Please work out how many of the lines below include "with". Only the number should be given.

━━━━━ Source data ━━━━━

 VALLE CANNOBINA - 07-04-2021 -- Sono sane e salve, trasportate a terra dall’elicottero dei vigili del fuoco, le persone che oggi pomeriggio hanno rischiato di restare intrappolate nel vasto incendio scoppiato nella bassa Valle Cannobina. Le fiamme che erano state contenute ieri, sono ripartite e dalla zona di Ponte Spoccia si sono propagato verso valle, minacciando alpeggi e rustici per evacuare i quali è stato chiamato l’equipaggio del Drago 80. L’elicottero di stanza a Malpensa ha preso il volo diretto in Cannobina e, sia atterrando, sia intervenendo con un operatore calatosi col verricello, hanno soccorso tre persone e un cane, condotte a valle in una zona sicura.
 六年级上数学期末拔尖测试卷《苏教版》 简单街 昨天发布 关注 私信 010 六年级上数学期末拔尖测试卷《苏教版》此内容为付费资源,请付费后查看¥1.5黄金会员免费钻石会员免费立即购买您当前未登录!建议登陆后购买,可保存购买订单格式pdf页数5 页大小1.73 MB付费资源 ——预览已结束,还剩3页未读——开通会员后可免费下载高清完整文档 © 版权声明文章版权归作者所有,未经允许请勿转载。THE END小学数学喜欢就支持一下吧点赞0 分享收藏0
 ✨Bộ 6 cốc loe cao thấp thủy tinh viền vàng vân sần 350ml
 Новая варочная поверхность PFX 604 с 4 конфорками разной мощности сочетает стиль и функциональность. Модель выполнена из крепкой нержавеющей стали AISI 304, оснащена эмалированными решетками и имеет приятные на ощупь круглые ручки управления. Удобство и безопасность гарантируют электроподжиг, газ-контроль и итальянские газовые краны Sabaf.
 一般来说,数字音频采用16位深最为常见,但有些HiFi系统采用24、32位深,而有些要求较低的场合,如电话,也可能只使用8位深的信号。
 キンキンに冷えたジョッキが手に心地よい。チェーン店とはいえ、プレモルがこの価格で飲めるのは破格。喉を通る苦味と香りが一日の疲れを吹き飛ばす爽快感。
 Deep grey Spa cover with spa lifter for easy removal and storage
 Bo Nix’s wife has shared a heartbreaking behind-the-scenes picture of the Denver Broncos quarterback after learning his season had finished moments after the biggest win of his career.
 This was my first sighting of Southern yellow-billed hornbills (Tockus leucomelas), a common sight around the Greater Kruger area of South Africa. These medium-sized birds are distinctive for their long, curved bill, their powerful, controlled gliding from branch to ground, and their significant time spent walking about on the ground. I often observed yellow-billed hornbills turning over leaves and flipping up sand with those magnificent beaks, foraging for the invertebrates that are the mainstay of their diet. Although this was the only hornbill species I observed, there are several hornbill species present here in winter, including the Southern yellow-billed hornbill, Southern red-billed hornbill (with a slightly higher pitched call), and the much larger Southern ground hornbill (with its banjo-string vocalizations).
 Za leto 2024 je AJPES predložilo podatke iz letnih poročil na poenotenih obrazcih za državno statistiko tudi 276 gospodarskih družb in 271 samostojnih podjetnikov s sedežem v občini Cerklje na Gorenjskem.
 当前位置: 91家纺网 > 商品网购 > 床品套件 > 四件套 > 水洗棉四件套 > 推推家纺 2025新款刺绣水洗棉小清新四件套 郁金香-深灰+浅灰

━━━━━

> _Problem solution_: 2